Acara dibuka Pangkostrad Letjen Gatot Nurmantyo. Dia memberi apresiasi tinggi terhadap event ini.
"Saya berharap kejurnas full body contact dapat digelar rutin setiap tahun, karena tujuannya memang baik. Soal tempat, kita serahkan kepada PB FORKI (Pengurus Besar Federasi Olahraga Karate-Do Indonesia," kata Gatot, Minggu (26/1/2014).

Gatot sangat mendukung kejuaraan tersebut karena dinilai bisa melahirkan pemuda-pemuda yang punya jiwa patriotisme tinggi.

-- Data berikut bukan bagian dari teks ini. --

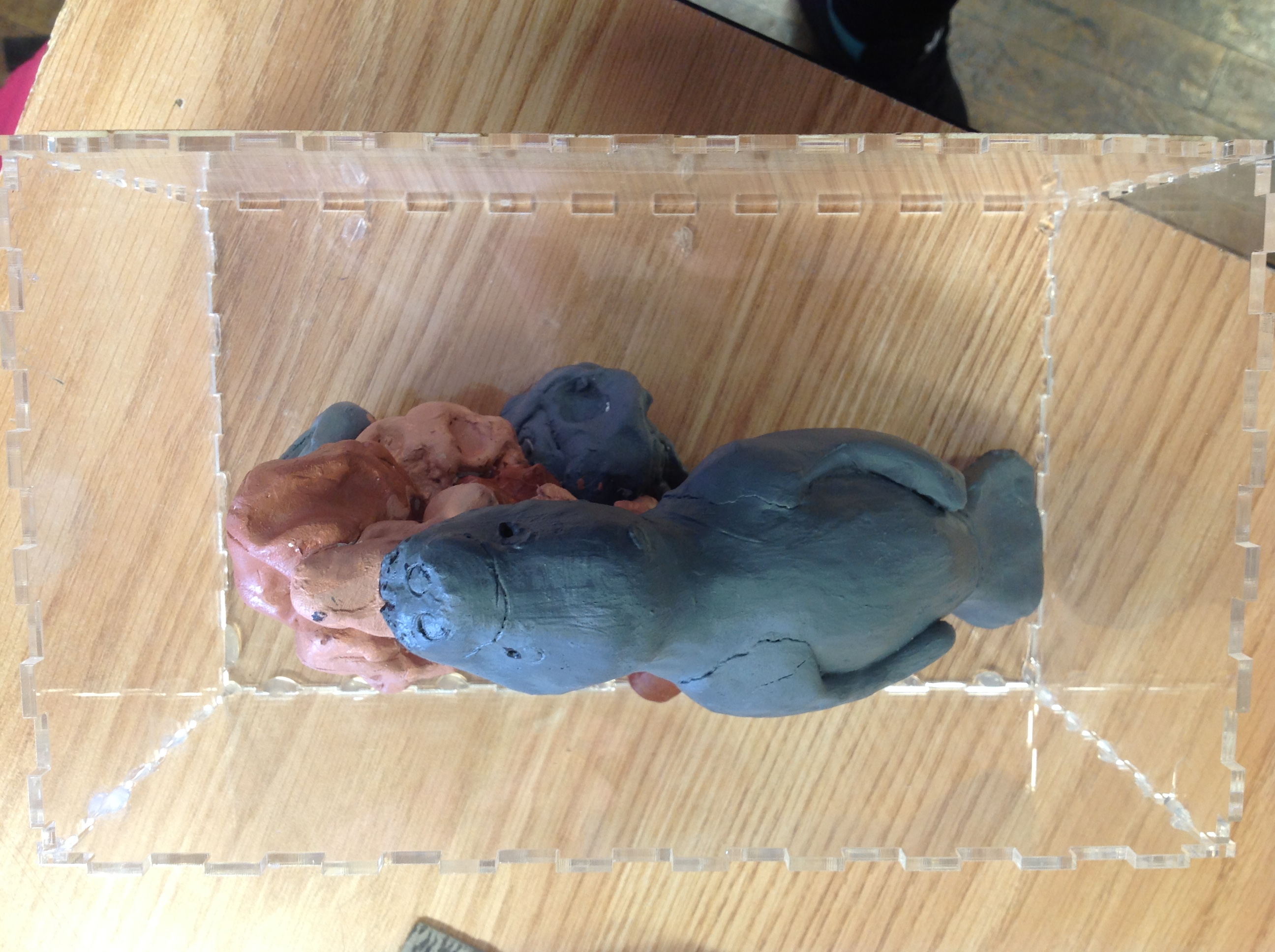 When I was in the process of choosing what type of Multi Media I wanted to create I wanted to chose something that showed who I was in a way and something that would challenge me. I looked through the materials I had and saw clay. I chose to do clay because is a very hard material to mess with for multiple reason. Once I had my material I started to think about what I wanted to make. I knew I wanted it to relate to me in some way so I decided to do something with the ocean. I looked through animals and then picked to do a manatee. As I drew a sketch of what I wanted to sculpture to look like I wanted it to show what a manatee looks like and its environment. I believe that with my sculpture the view can clearly tell the message in the sculpture and what animal it is. While I made my sculpture I got to understand how clay works. My work fits into contemporary art because it's abstract and different.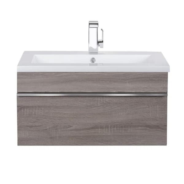Trough 30 in. W x 16 in. D x 15 in. H Single Sink Wall Bathroom Vanity in Dorato with Cultured Marble Top in White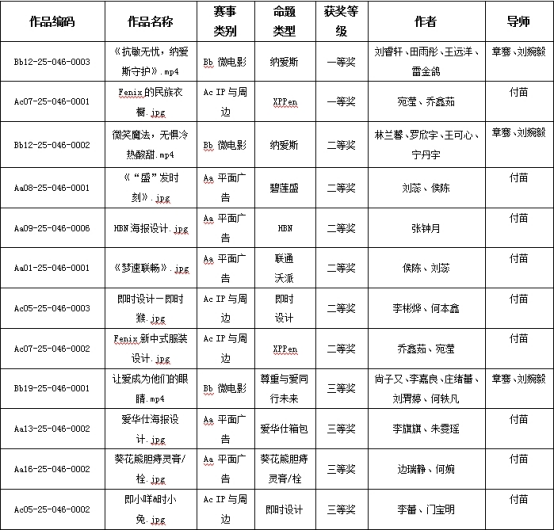 据悉,全国老员工广告艺术大赛(简称大广赛)是艺术设计类专业员工参与的具有较大社会影响力的全国性高校学科竞赛。该比赛在全国规模大、覆盖高等院校广、参与师生人数多、作品水准高、受高校教师欢迎。参赛作品分为平面类、视频类、IP与周边、广播类、策划案类、文案类、UI类、科技类、营销创客类、公益类十一大类。员工通过命题选择、命题构思、命题创作并通过公司评审后报送至地区分赛区参与竞赛。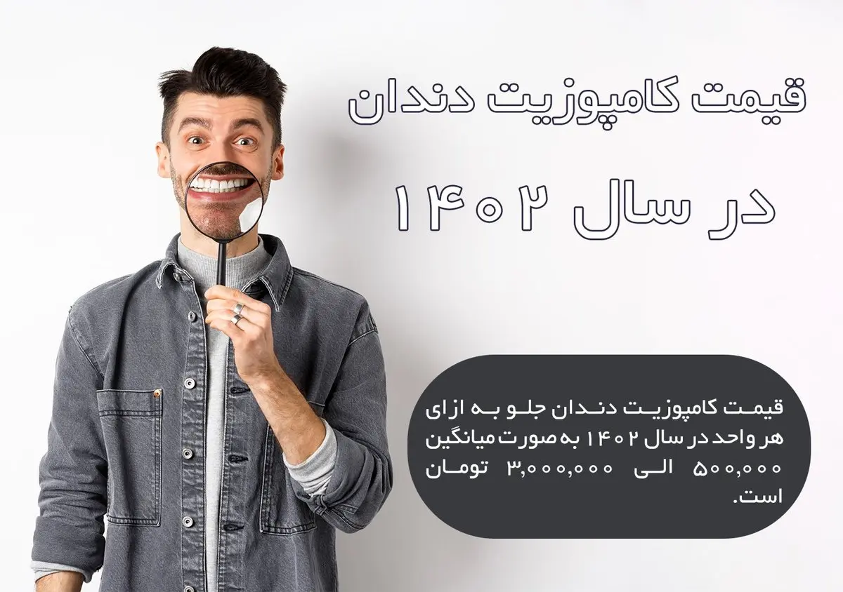 همانطور که در ابتدای مقاله گفته شد قیمت کامپوزیت دندان دارای اهمیت بسیار زیادی است به همین دلیل نیز ما قیمت این درمان را در سال جدید یعنی 1402 مورد بررسی قرار می دهیم. قیمت کامپوزیت دندان جلو به ازای هر واحد در سال 1402 به صورت میانگین 500.000 الی 3.000.000 تومان است. برای کسب اطلاع دقیق از قیمت روز کامپوزیت می توانید از لینک زیر استفاده فرمایید.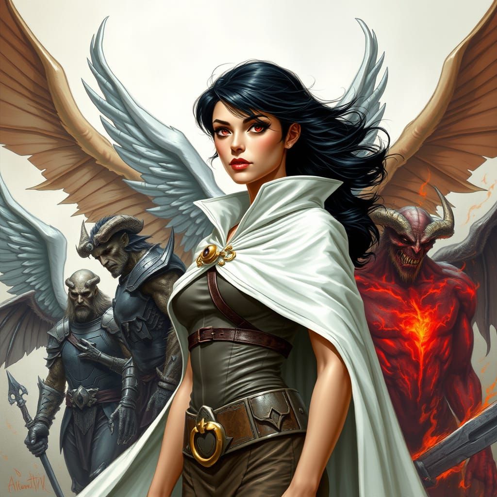 A striking picture of a heroic woman with heterochromia standing before archangels and demons. The image features bold lines, dynamic poses, and vivid colors in a dark fantasy art style.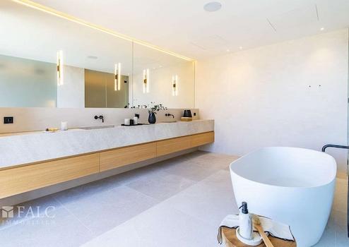 Diese fabelhafte, exklusive Neubau-Villa in Palma de Mallorca bietet einen schönen Blick ins Grüne und befindet sich in einer ruhigen Wohngegend, im Viertel Génova. Die moderne Immobilie zeichnet sich durch hohe Decken, grosse bodentiefe Fenster, sowie eine grosszügige Raumaufteilung aus. Die bebaute Fläche von ca. 500 m2 verteilen sich wie folgt: Das Erdgeschoss bietet ein schönes Wohn-/ Esszimmer, eine moderne Küche mit Kochinsel, 3 Schlafzimmer mit Badezimmern en Suite, eine Gästetoilette, einen Hauswirtschaftsraum und eine Terrasse mit Pool. Auf der ersten Etage befindet sich ein extravagantes Hauptschlafzimmer mit Bad en Suite und Zugang zur Dachterrasse mit dem zweiten Pool und schöner Aussicht. Zu den Ausstattungsmerkmalen dieser fantastischen Villa in Génova zählen: Klimaanlage, Fussbodenheizung, doppelt verglaste Fenster, sowie Stein- und Holzböden. Zur Verfügung steht eine grosse Tiefgarage mit Platz für 3 Fahrzeuge. Es handelt sich um eine attraktive Lage, nur wenige Autominuten von den Golfplätzen und fabelhaften Stränden und Buchten mit türkisfarbenem Wasser entfernt. Der internationale Flughafen ist 15 Autominuten entfernt.
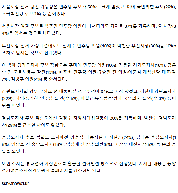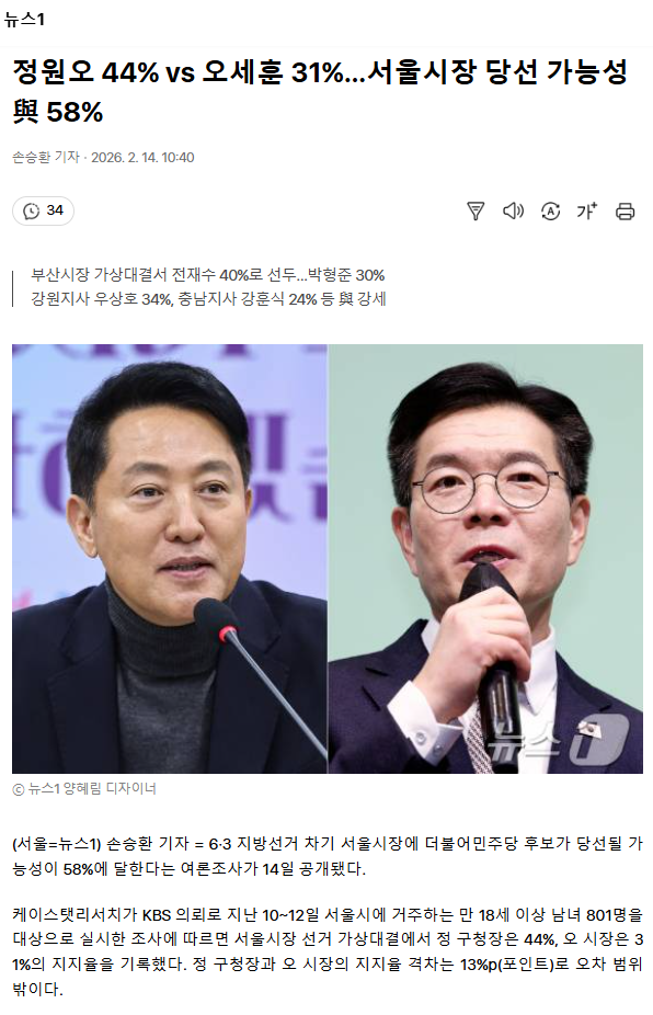 정원오 44% vs 오세훈 31%… 서울시장 당선 가능성 與 58%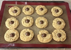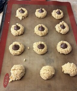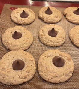- Press the Hershey's Kisses or chocolate stars, point up, into the middle of your cookie balls, flat side down. They'll look like flowers or blossoms after they're baked and that's why they're called Cashew Butter Blossom Cookies.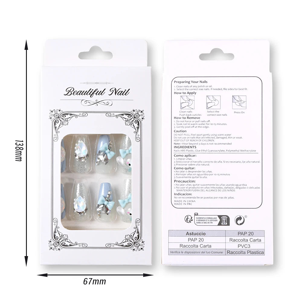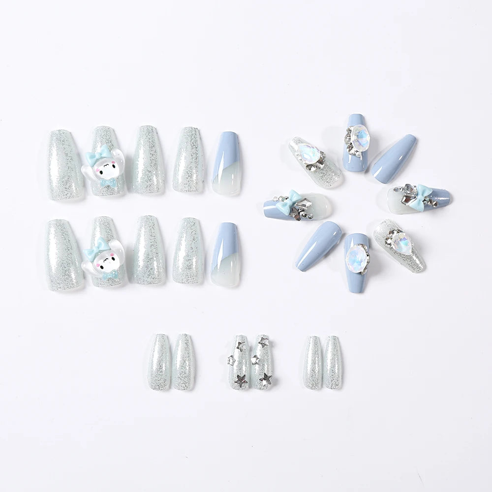 24Pcs Sanrio Blue Cinnamoroll Fake Nails Cute Anime Cartoon Kuromi My Melody press on False nails Fashion Nail Patches for Girls
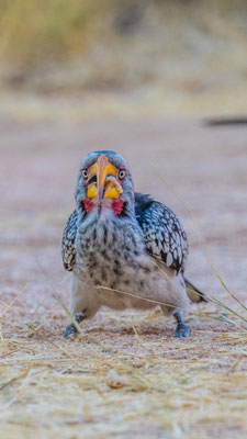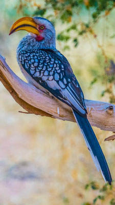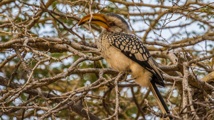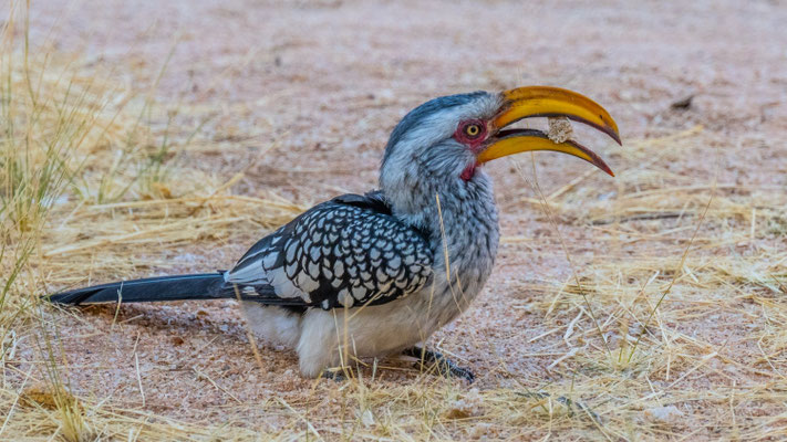 Vordergrund und dem blauen Himmel darüber. Beim Frühstück bekamen wir Besuch von drei recht zutraulichen und wunderschönen Rotringtokos. Die Vögel haben eine recht grossen, gekrümmten Schnabel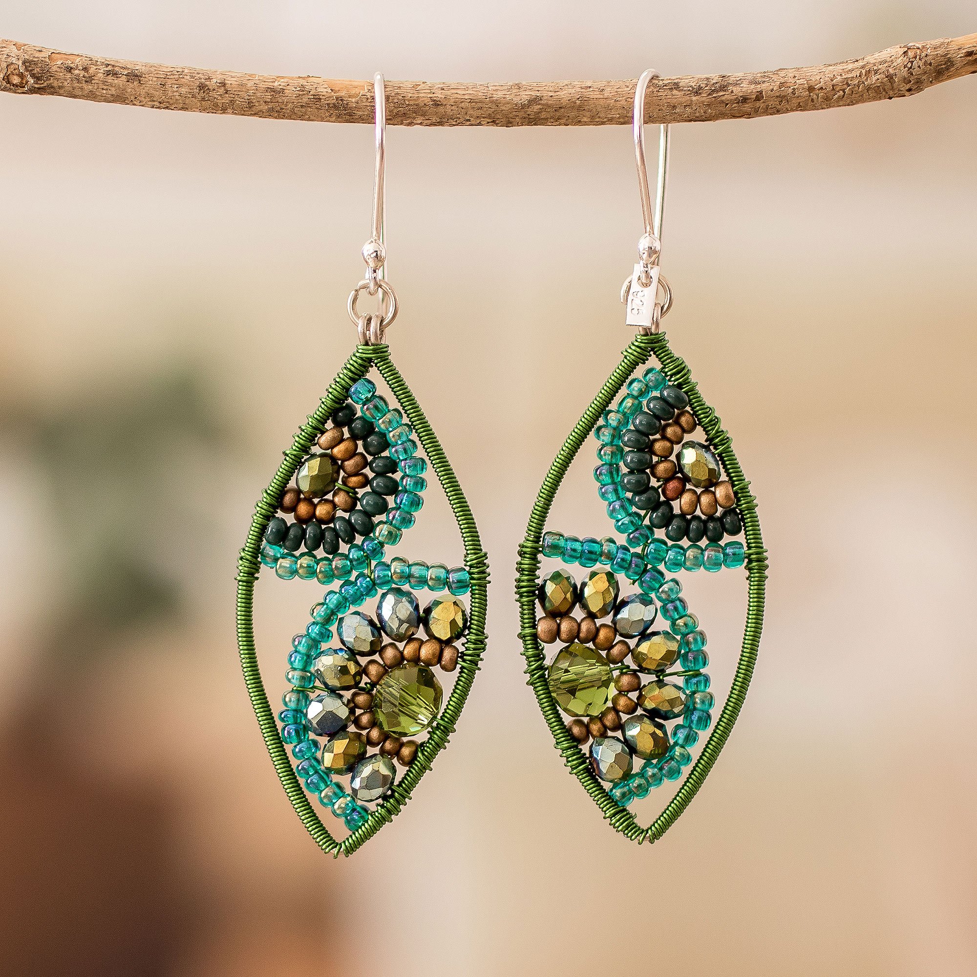 Leaf-shaped dangle earrings show the exquisite talent of Guatamala's Domingo Reanda. The artisan works with stainless steel to create these nature-inspired accessories, whose green and turquoise crystals and glass beads shine with a refreshing vibe. As the final touch, Domingo adds handy sterling silver hooks.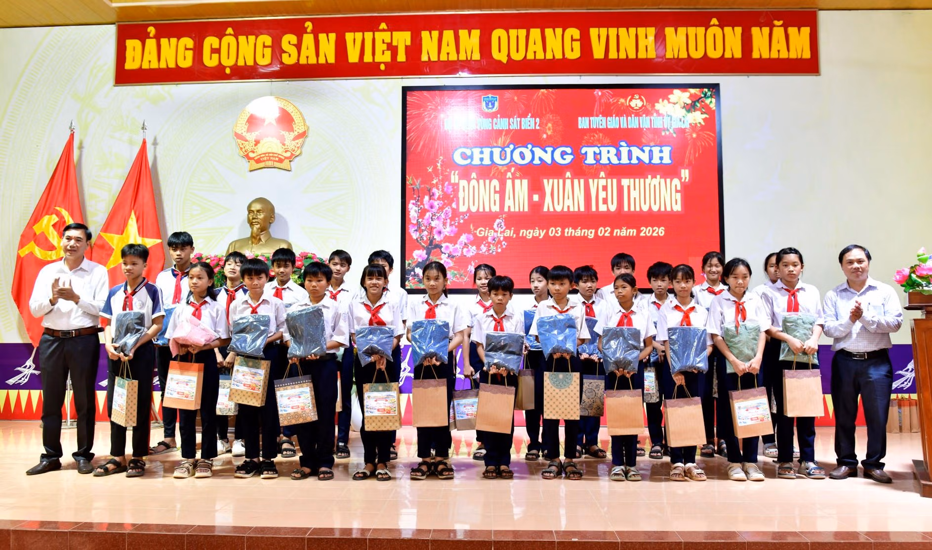 Ngày 3/2, tại phường Tam Quan, tỉnh Gia Lai, Bộ Tư lệnh Vùng Cảnh sát biển 2 phối hợp với Ban Tuyên giáo và Dân vận Tỉnh ủy Gia Lai tổ chức Chương trình “Đông ấm-Xuân yêu thương” mùa thứ 7 năm 2026, hướng đến chăm lo cho học sinh và các gia đình có hoàn cảnh khó khăn trên địa bàn.

"Saya mendukung, karena olahraga bela diri apapun untuk membela bangsa. Even ini bisa melahirkan patriot-patriot baru yang dapat membela bangsa dan negara," tegas Gatot.

Sementara itu, Ketua Umum PB FORKI Hendardji Supandji memastikan Kejurnas Full Body Contact yang memperebutkan Piala Pangkostrad, nantinya digelar secara rutin setiap tahun.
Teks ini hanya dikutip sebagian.